### The task
Copy the lines below exactly, starting at the one with "Echinopsis Chamaecereus cactus" and ending at the one with "Heavy Duty Curtain", and leave out any picture.

### Data extracts

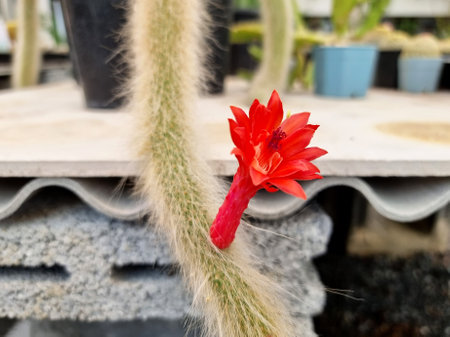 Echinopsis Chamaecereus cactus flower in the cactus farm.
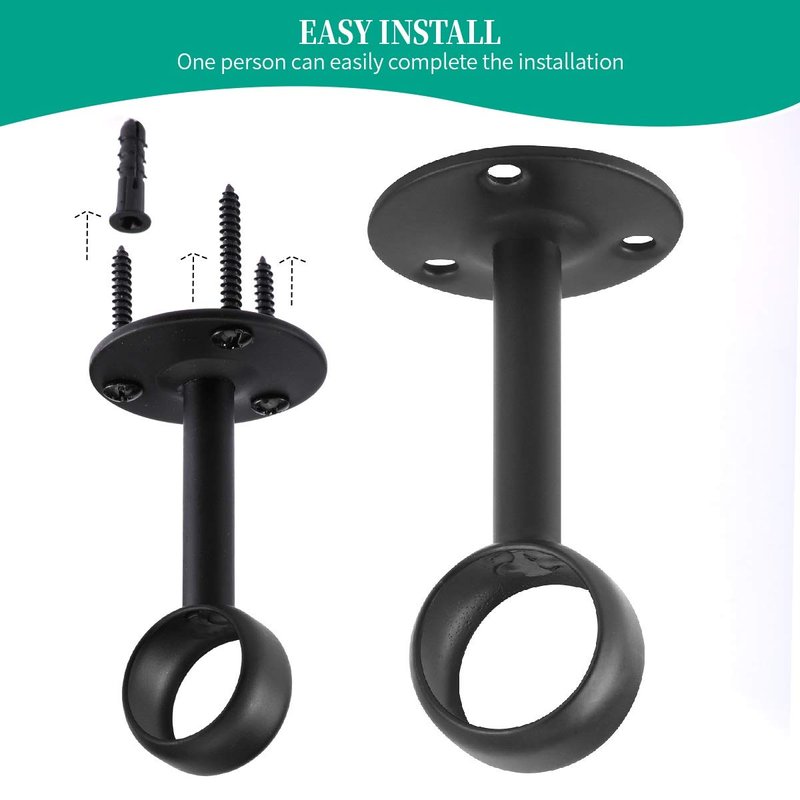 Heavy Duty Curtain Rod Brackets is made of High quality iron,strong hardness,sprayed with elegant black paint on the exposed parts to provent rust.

--

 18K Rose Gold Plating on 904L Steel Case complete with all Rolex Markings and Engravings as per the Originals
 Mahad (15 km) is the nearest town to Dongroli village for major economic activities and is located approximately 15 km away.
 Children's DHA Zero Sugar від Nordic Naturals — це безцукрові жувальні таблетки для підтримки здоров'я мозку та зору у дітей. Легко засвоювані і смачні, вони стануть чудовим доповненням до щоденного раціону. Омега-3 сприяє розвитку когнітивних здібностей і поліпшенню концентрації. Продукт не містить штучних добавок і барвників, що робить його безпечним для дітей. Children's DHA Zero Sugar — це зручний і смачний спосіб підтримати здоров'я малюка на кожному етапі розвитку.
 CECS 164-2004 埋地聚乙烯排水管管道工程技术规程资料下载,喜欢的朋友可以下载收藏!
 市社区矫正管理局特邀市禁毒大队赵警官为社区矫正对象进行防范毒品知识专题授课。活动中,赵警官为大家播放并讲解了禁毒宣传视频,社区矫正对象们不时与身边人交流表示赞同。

---

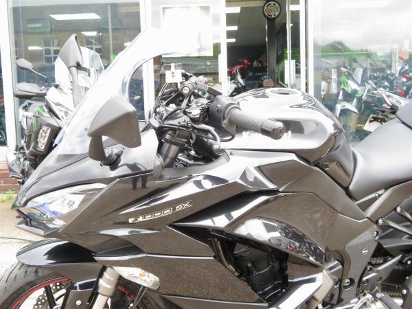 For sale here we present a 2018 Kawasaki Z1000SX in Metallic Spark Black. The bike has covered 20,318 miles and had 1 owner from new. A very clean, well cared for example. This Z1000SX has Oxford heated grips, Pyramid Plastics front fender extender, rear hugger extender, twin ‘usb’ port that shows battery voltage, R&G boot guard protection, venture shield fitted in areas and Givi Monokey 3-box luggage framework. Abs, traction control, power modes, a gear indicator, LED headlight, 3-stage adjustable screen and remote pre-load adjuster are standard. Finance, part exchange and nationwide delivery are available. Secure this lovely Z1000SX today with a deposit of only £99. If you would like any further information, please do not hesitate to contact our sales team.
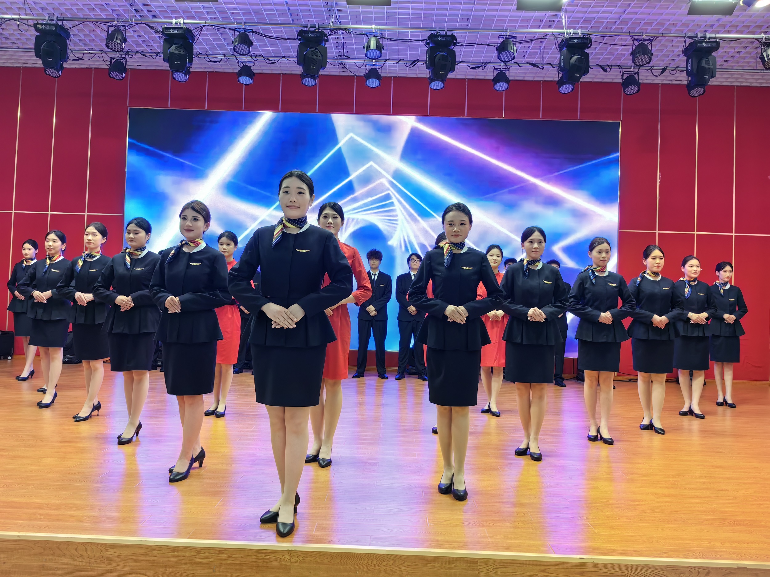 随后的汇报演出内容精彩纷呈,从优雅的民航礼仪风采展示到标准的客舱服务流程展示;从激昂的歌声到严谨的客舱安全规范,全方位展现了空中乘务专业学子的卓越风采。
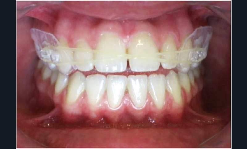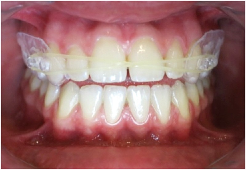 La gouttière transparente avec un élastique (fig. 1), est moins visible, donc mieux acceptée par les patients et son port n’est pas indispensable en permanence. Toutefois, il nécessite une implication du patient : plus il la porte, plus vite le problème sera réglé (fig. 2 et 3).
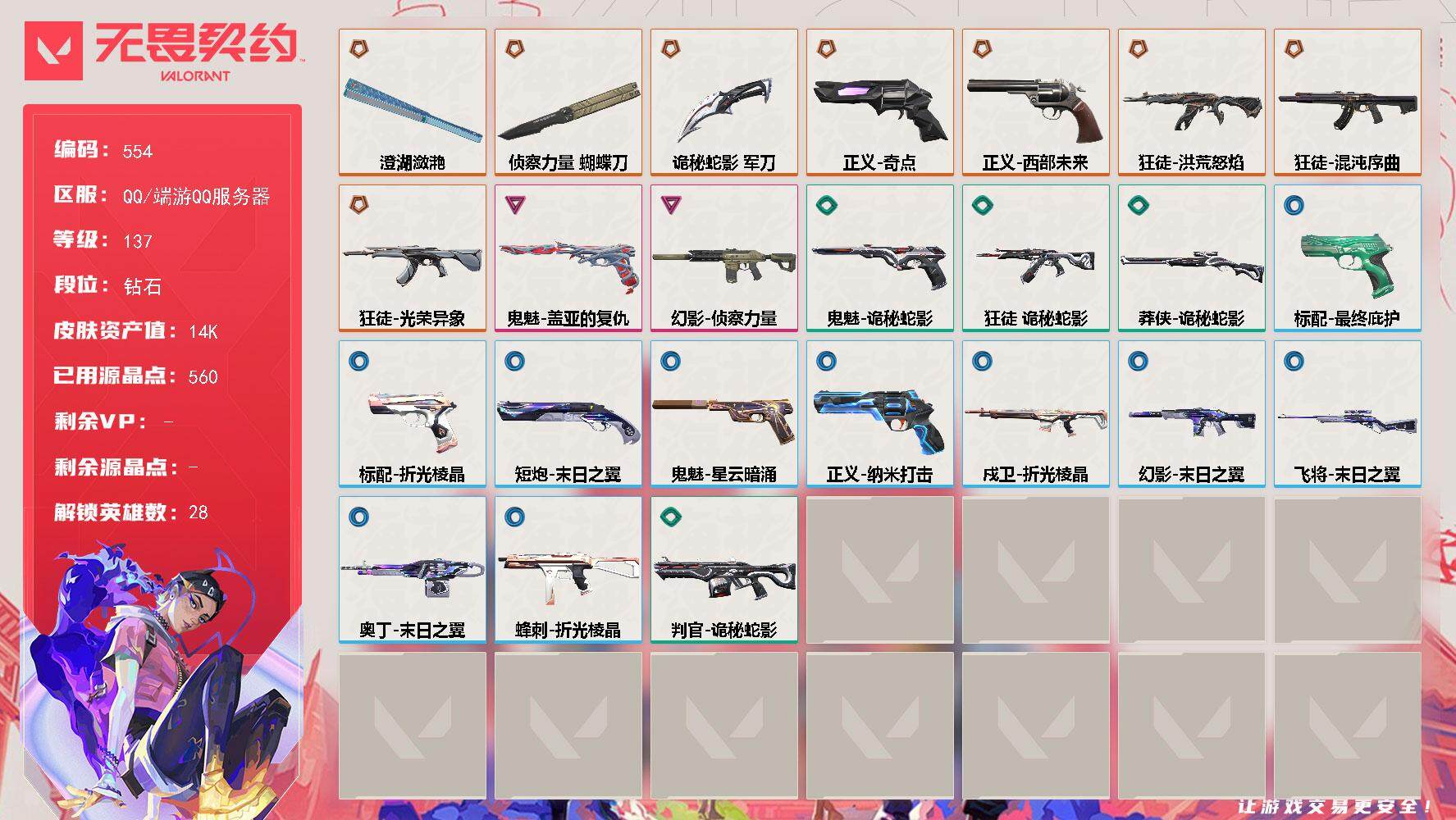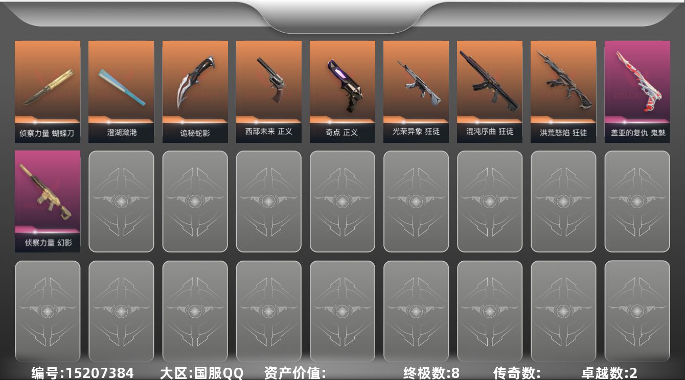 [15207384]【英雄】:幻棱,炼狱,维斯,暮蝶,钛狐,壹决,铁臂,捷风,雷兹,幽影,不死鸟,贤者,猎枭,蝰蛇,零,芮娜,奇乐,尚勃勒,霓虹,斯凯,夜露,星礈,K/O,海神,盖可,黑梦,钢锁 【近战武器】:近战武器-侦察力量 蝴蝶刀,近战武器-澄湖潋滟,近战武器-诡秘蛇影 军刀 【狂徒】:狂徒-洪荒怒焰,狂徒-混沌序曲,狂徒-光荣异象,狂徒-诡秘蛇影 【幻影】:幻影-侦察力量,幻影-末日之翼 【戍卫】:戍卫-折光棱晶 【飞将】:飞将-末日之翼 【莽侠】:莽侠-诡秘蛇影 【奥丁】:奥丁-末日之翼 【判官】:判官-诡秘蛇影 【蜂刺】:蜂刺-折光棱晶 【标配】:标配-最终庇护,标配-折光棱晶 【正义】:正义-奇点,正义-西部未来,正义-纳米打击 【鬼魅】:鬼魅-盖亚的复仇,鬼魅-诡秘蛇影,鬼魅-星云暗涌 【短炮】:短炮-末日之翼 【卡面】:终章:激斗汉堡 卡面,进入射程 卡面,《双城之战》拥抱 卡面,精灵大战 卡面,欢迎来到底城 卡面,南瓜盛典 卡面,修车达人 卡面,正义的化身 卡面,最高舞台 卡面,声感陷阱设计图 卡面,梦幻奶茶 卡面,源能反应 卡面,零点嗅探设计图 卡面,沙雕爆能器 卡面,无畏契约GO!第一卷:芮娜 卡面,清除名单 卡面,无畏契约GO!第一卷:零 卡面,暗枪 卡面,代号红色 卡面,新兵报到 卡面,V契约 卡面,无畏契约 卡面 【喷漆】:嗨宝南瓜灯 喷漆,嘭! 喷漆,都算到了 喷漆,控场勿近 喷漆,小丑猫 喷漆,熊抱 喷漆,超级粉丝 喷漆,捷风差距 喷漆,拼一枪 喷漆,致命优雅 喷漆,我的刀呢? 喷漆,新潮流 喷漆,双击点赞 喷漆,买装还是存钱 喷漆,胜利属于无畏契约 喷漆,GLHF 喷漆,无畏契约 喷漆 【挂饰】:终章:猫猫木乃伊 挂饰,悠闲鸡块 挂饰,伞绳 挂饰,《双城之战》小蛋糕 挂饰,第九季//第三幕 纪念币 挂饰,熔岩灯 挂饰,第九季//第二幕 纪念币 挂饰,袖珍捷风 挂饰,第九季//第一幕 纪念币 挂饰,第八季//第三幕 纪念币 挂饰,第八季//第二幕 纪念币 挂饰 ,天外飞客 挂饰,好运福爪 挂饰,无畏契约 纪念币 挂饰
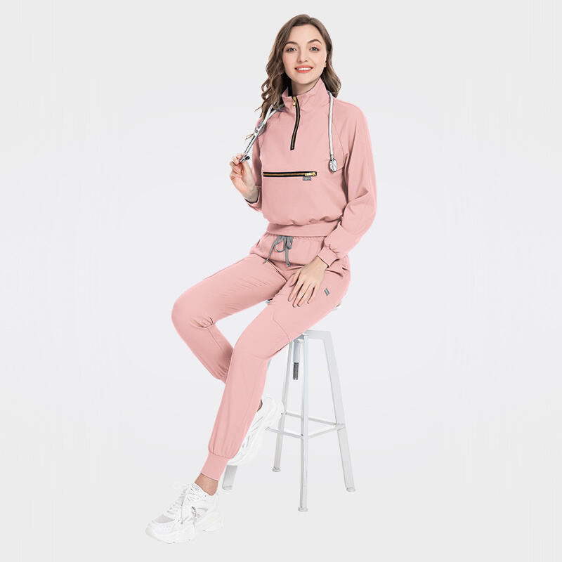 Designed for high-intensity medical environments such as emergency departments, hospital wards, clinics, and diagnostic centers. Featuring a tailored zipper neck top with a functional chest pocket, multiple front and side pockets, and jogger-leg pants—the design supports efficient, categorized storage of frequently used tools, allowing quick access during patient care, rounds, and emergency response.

### Answer to this task
 Echinopsis Chamaecereus cactus flower in the cactus farm.
 Heavy Duty Curtain Rod Brackets is made of High quality iron,strong hardness,sprayed with elegant black paint on the exposed parts to provent rust.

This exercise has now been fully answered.